Hainhofen damals
MEINE DUNKLE RASSISTISCHE VERGANGENHEIT
ÜBER DAS HERANWACHSEN IN EINER GEWALTBEREITEN DORFJUGEND
Der Feind griff völlig überraschend im Gegenlicht der tiefstehenden Sonne an. Wir reinigten gerade die Waffen, als der Kamerad neben uns von einem Pfeil durchbohrt lautlos zu Boden sank. Sein Blut ergoß sich über die hölzernen Dielen des Vorbaus und versickerte im staubigen Boden. Kampflos würden wir uns der Übermacht niemals ergeben und bald sangen unsere Colts das Wiegenlied vom Totschlag ...
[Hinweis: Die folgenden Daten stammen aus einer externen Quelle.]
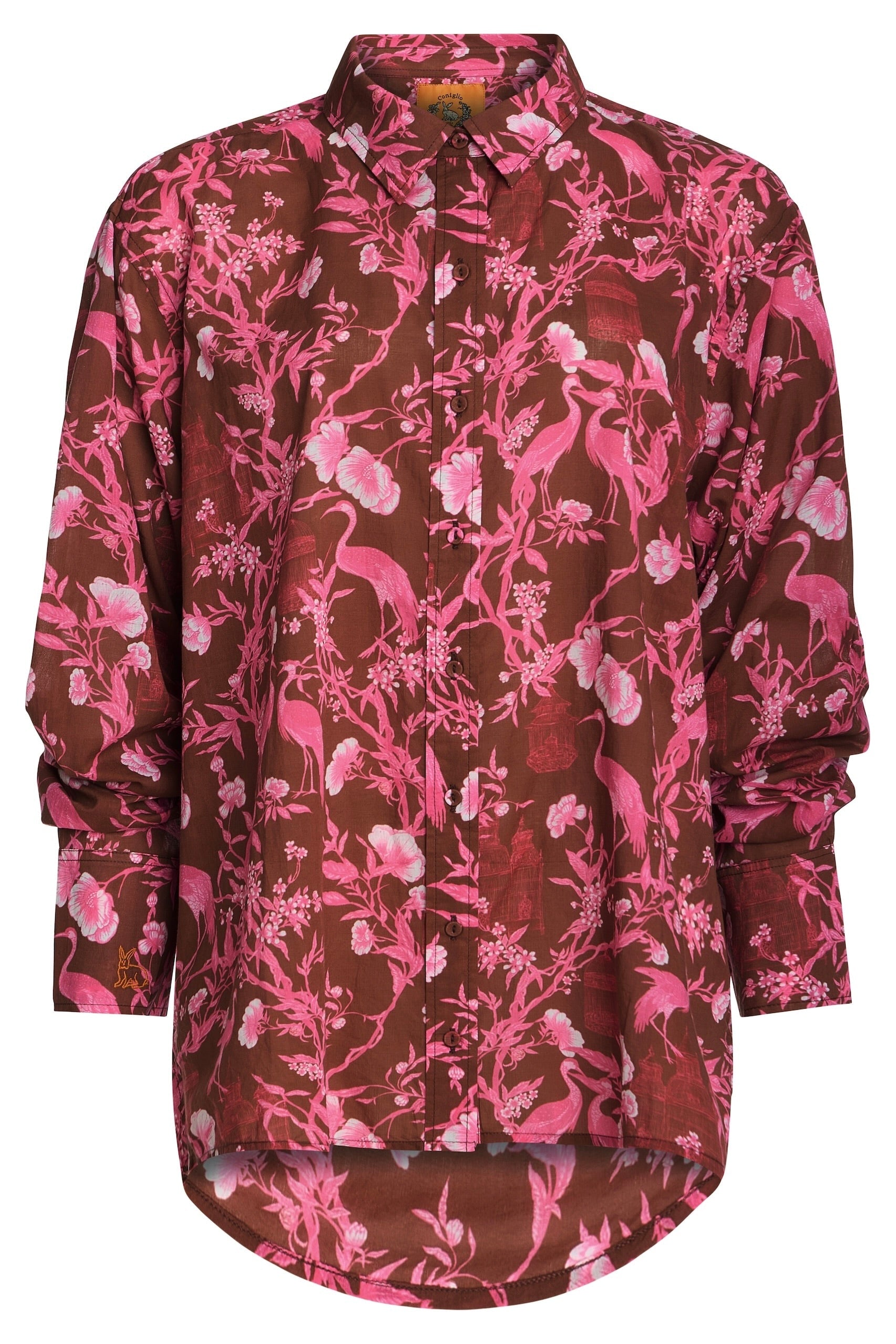 A longer fit at front and back body so it can be tucked in and worn with our signature Ruffle Power Pareo, but also supports a taller form. With functional center front placket and self-wrapped button detail that extends through the body, it can be worn closed as a traditional top or open as a layering item. Extra long sleeves with a tall cuff can be worn down based on your arms length, or folded back and cuffed up for a more petite length arm, or a casual feel.

Kapitel 1: MITTWOCHS UM 1/2 DREI AM FUSS DER BLAUEN BERGE
Zur Army hatten wir uns schon in der vierten Klasse freiwillig gemeldet, mein Freund Werner und ich. Jetzt taten wir Dienst in diesem gottverlassenen Außenposten im tiefsten Westen. Das Fort war ein Geschenk meines Taufpaten, eines der schönsten, das ich je in diesen kargen 1960er Jahren erhalten hatte. Es verfügte über einen offenen und einen überdachten Wehrturm, war geschützt durch spitze Palisaden und ein mächtiges Holztor, welches man mit einem echten Riegel von innen versperren konnte. Die Mannschaft wohnte in einem rustikalen Blockhaus und sie bestand aus einem zusammengewürfelten Haufen von Uniformierten in den blauen Hemden der Nordstaaten und mit gelben Halstüchern, sowie zahllosen Revolverhelden mit stets schußbereiten 45er Colts in den Fäusten. Wir beide trafen uns mehrfach die Woche zum Cowboy- und Indianerspielen, mal bei ihm und mal bei mir zuhause und der Gast brachte seine Figurensammlung jeweils in einem großen Plastikeimer mit. Die Schlachten gegen die Indianer verliefen stets nach dem selben Strickmuster. Es waren generell die verhaßten Rothäute, die uns edle Bleichgesichter heimtückisch und aus reiner Mordlust überfielen, um an unsere prächtigen Skalps zu kommen. Zunächst durften sie auch einige von uns niedermetzeln, das machte unseren Endsieg später umso glorreicher, aber es waren immer nur die leicht abgenutzten, schäbigen Cowboyfiguren, die wir als Kanonenfutter opferten. Als die Lage schließlich hoffnungslos erschien, wagten wir beiden Helden des Westens einen todesmutigen Ausbruch und knallten alles nieder, was uns vor die glühenden Läufe kam. Ein gnädiger Tod auf dem Schlachtfeld erschien uns viel zu milde für die verhaßte Indianerbrut. Auge um Auge, Zahn um Zahn hieß es und so begannen wir die Gefangenen nach Art der Kiowas zu martern und durchbohrten ihre muskulösen Elastolinkörper mit rotglühenden Stecknadeln, die wir vorher über einer Kerzenflamme erhitzt hatten. Die grausamen Szenen, die sich auf unserem Küchenboden abspielten, hätte man in den jugendfreien Bonanzafolgen am Sonntagnachmittag nicht senden dürfen. Nach vollbrachtem Gemetzel kamen alle Bleichgesichter und Rothäute wieder gemeinsam in den Eimer und wir beide gönnten uns zufrieden noch den einen oder anderen sahnig fluffigen Mohrenkopf.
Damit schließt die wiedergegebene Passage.